_Task to carry out_
From the line that holds "Interior: Brahmin Signature" to the end of the records, reproduce every line exactly. No pictures.

Stored items from a collection:
((

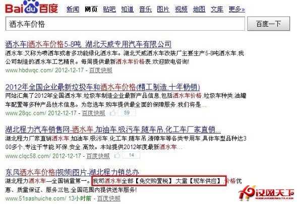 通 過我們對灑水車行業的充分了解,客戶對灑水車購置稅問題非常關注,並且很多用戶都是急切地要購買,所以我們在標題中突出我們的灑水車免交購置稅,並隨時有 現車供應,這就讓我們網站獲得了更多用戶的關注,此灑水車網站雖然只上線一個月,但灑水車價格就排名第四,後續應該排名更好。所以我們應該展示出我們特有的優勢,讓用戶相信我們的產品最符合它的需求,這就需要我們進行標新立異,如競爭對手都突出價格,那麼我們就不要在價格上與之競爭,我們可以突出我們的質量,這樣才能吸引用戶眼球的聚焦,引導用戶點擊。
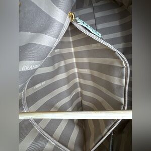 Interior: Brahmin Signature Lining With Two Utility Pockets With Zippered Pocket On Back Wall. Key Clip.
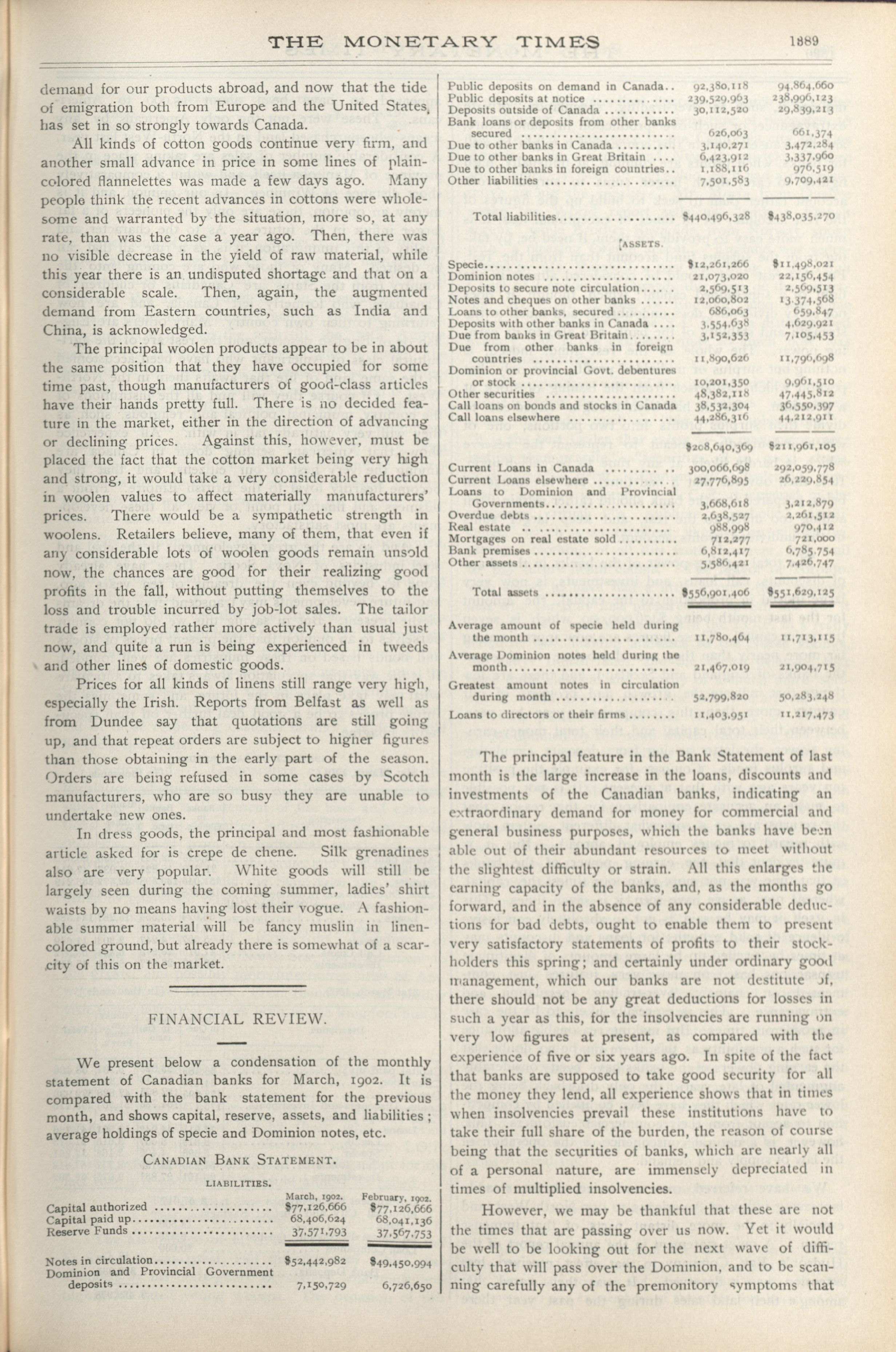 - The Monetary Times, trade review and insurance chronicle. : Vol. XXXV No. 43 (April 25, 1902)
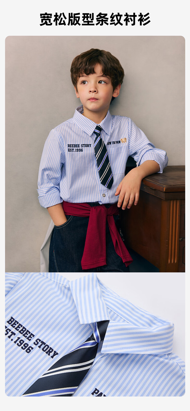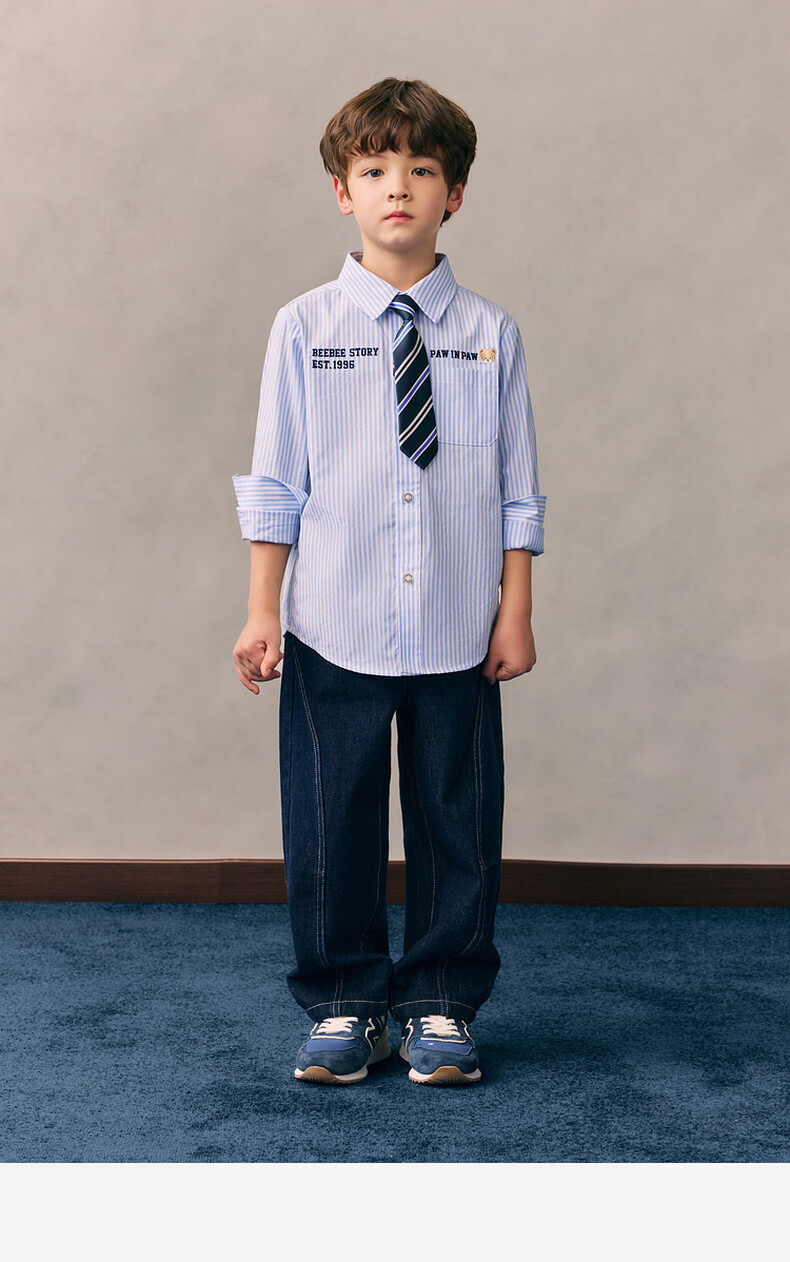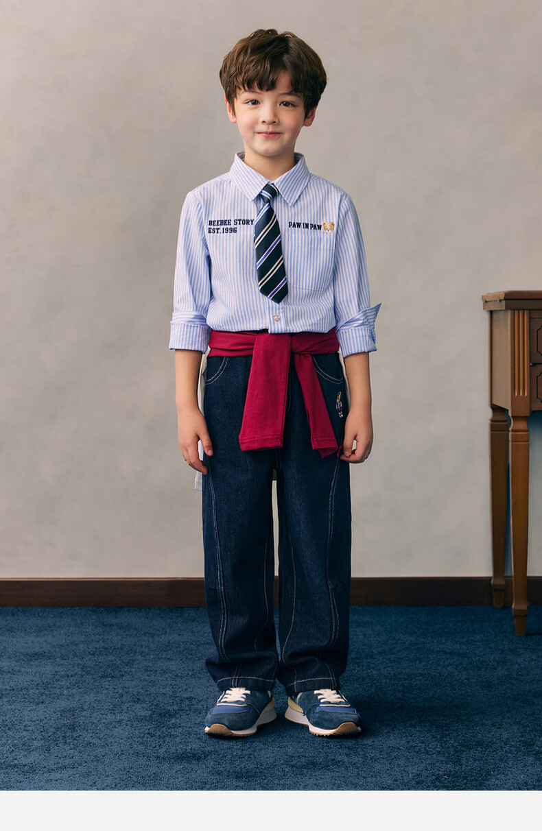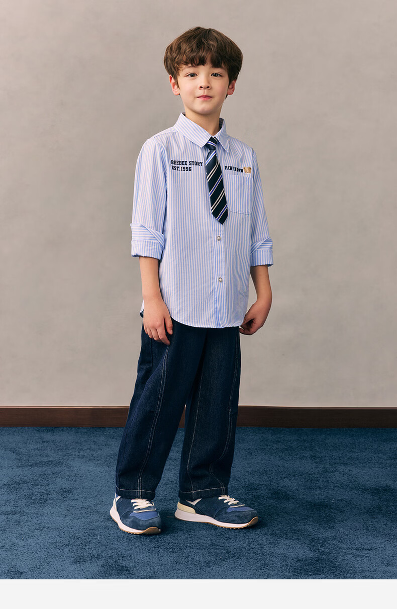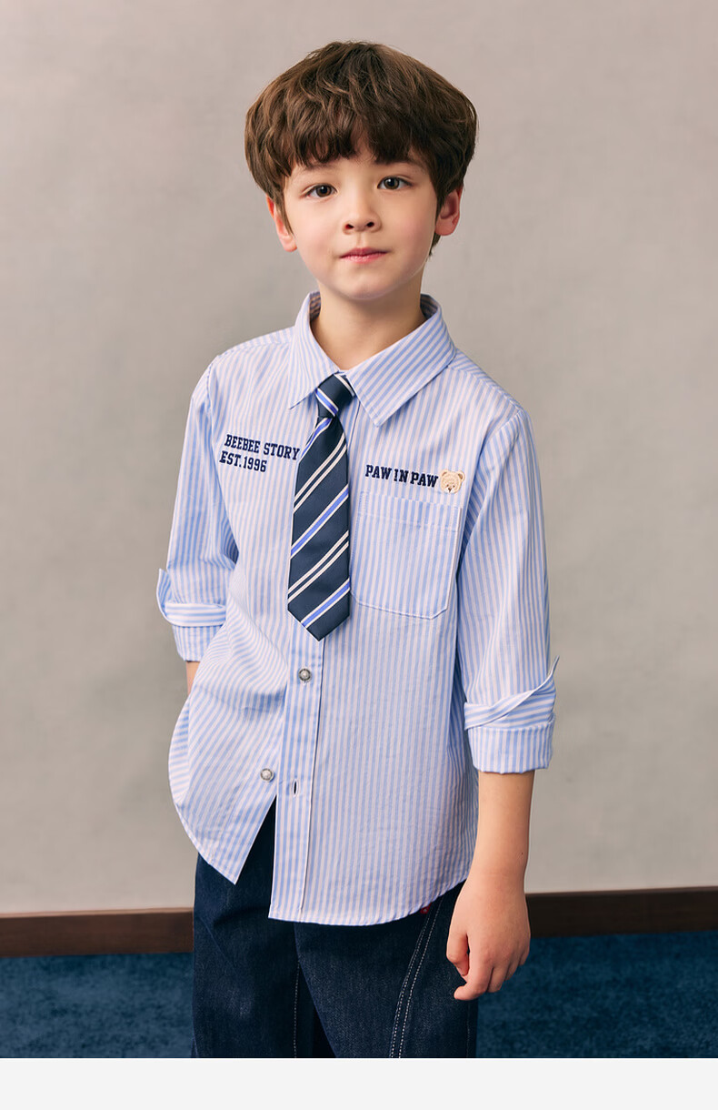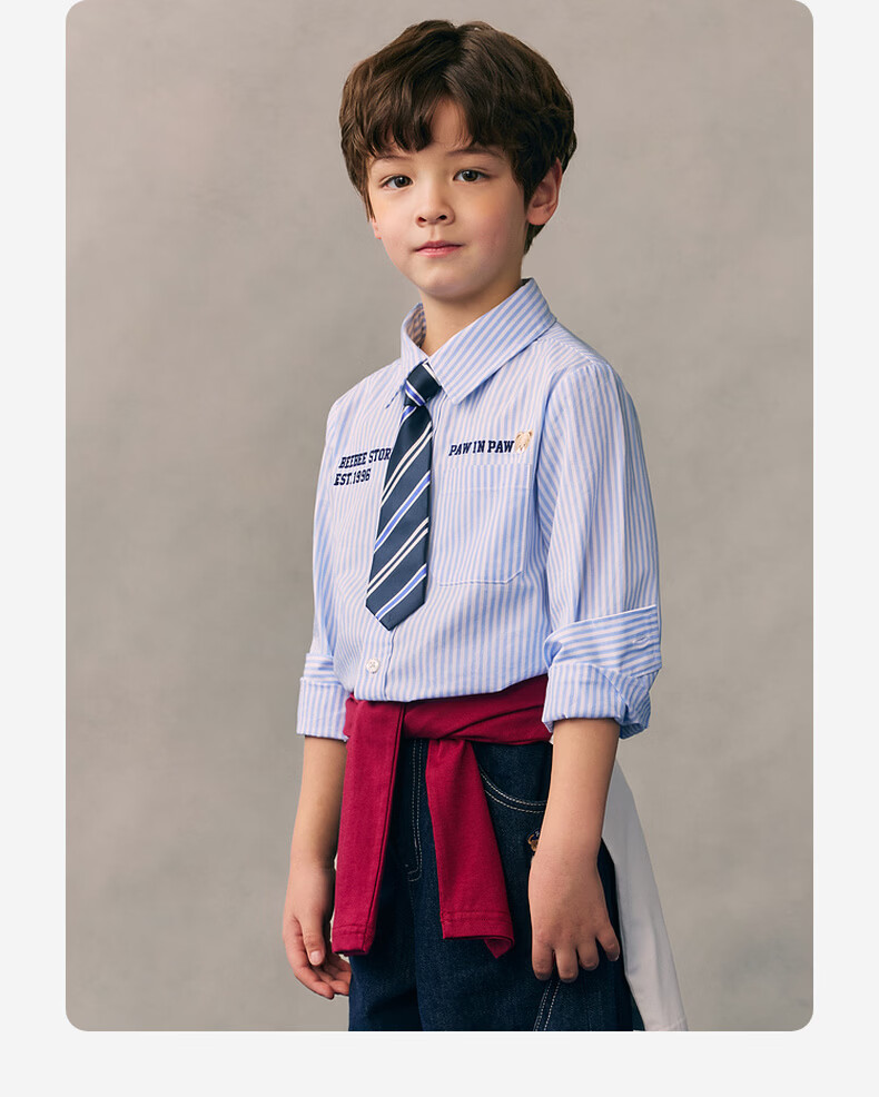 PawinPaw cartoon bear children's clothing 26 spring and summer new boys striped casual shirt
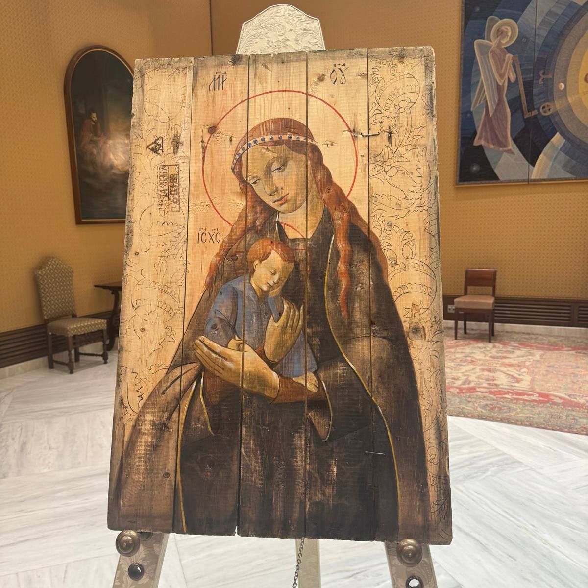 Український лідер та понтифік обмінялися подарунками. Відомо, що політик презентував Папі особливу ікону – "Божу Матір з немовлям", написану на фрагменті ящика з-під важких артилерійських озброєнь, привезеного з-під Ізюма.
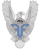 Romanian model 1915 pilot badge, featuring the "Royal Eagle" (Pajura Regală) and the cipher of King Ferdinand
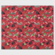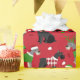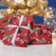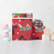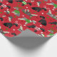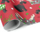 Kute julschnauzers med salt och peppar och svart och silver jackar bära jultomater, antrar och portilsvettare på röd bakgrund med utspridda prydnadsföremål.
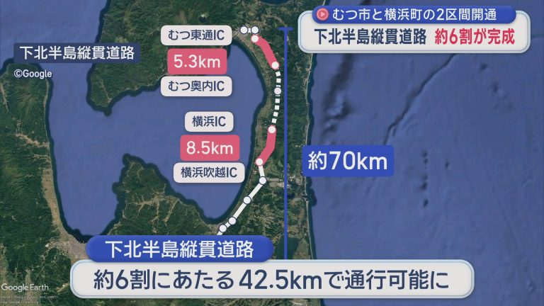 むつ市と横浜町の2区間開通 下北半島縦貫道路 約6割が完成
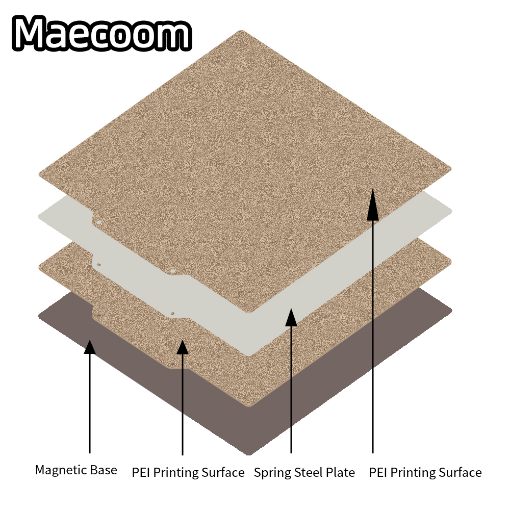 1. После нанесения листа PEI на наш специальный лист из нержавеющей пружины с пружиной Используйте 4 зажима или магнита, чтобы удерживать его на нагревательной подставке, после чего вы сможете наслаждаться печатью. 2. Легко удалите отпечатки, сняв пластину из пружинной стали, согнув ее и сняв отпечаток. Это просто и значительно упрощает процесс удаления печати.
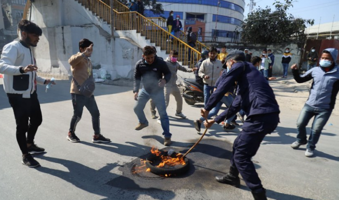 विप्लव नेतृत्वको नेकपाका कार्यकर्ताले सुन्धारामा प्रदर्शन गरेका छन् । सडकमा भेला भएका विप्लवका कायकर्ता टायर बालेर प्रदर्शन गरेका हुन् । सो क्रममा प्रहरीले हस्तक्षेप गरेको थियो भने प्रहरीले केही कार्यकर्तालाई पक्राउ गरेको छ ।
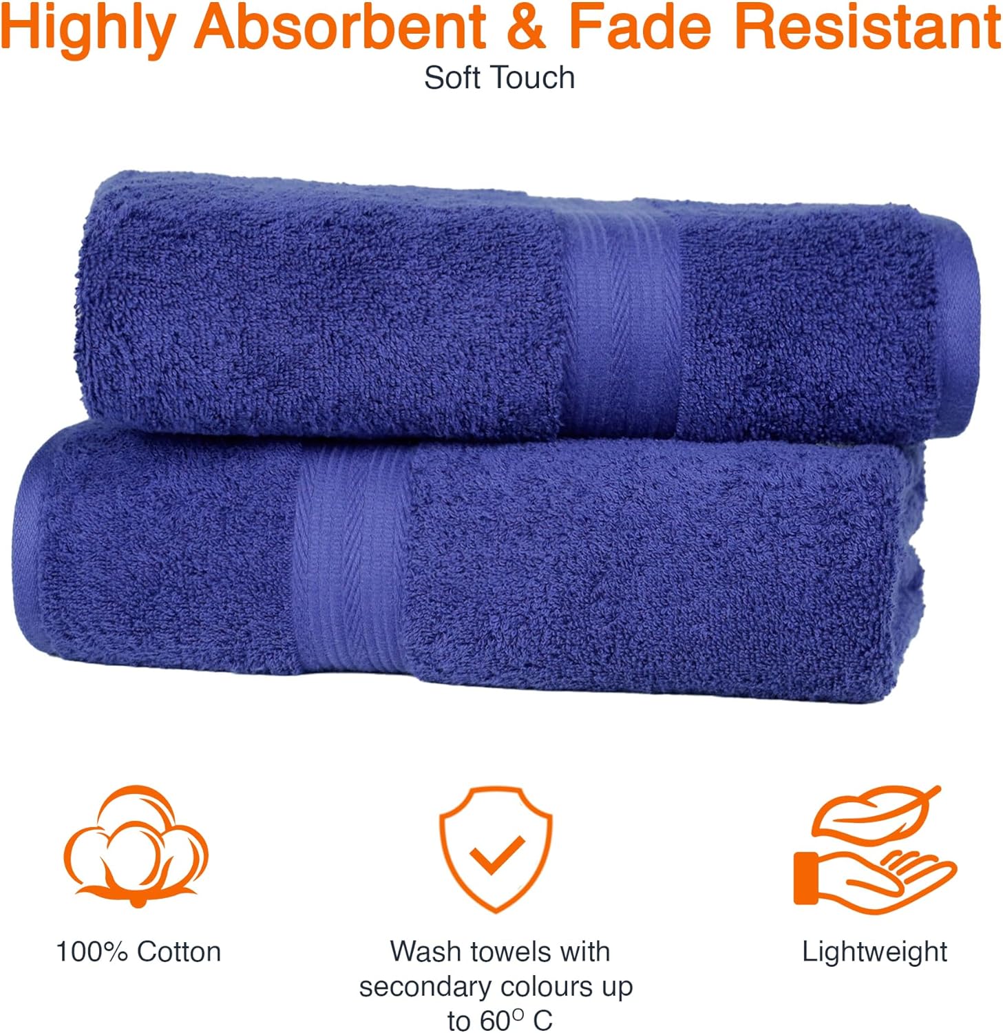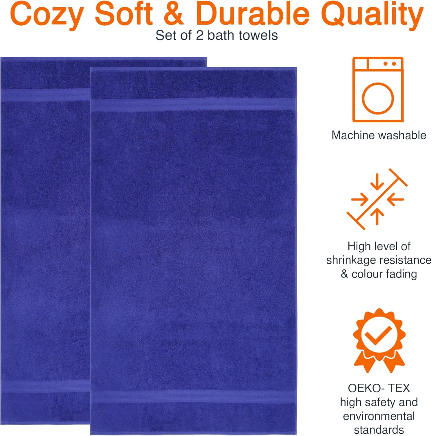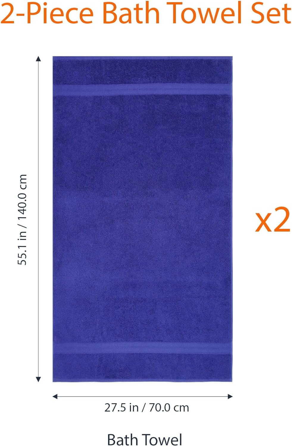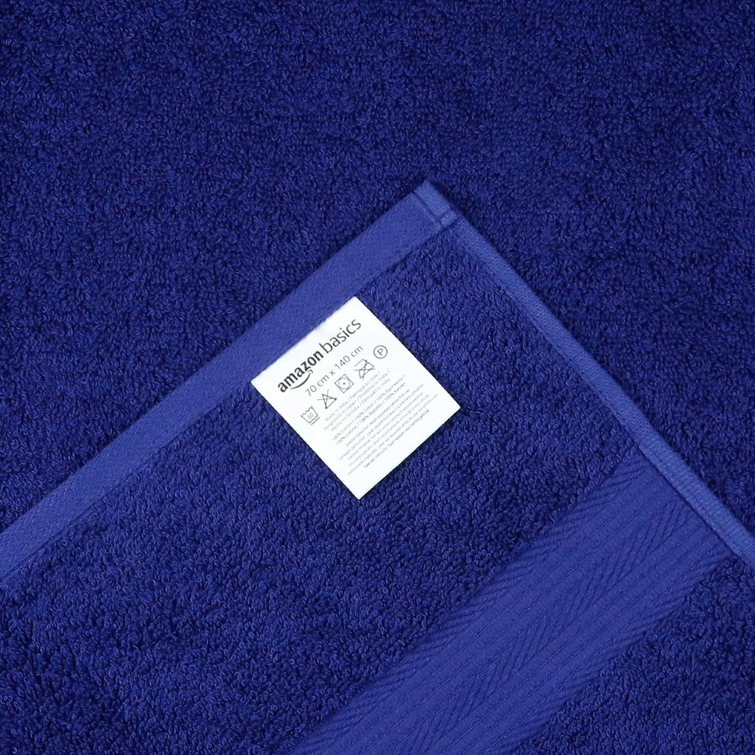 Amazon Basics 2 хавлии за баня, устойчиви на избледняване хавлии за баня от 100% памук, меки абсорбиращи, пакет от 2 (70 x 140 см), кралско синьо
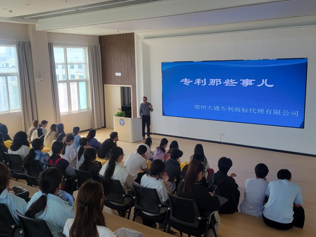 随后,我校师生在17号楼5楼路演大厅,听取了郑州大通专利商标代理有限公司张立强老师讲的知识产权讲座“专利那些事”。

))

_Answer below_
 Interior: Brahmin Signature Lining With Two Utility Pockets With Zippered Pocket On Back Wall. Key Clip.
 - The Monetary Times, trade review and insurance chronicle. : Vol. XXXV No. 43 (April 25, 1902)
 PawinPaw cartoon bear children's clothing 26 spring and summer new boys striped casual shirt
 Український лідер та понтифік обмінялися подарунками. Відомо, що політик презентував Папі особливу ікону – "Божу Матір з немовлям", написану на фрагменті ящика з-під важких артилерійських озброєнь, привезеного з-під Ізюма.
 Romanian model 1915 pilot badge, featuring the "Royal Eagle" (Pajura Regală) and the cipher of King Ferdinand
 Kute julschnauzers med salt och peppar och svart och silver jackar bära jultomater, antrar och portilsvettare på röd bakgrund med utspridda prydnadsföremål.
 むつ市と横浜町の2区間開通 下北半島縦貫道路 約6割が完成
 1. После нанесения листа PEI на наш специальный лист из нержавеющей пружины с пружиной Используйте 4 зажима или магнита, чтобы удерживать его на нагревательной подставке, после чего вы сможете наслаждаться печатью. 2. Легко удалите отпечатки, сняв пластину из пружинной стали, согнув ее и сняв отпечаток. Это просто и значительно упрощает процесс удаления печати.
 विप्लव नेतृत्वको नेकपाका कार्यकर्ताले सुन्धारामा प्रदर्शन गरेका छन् । सडकमा भेला भएका विप्लवका कायकर्ता टायर बालेर प्रदर्शन गरेका हुन् । सो क्रममा प्रहरीले हस्तक्षेप गरेको थियो भने प्रहरीले केही कार्यकर्तालाई पक्राउ गरेको छ ।
 Amazon Basics 2 хавлии за баня, устойчиви на избледняване хавлии за баня от 100% памук, меки абсорбиращи, пакет от 2 (70 x 140 см), кралско синьо
 随后,我校师生在17号楼5楼路演大厅,听取了郑州大通专利商标代理有限公司张立强老师讲的知识产权讲座“专利那些事”。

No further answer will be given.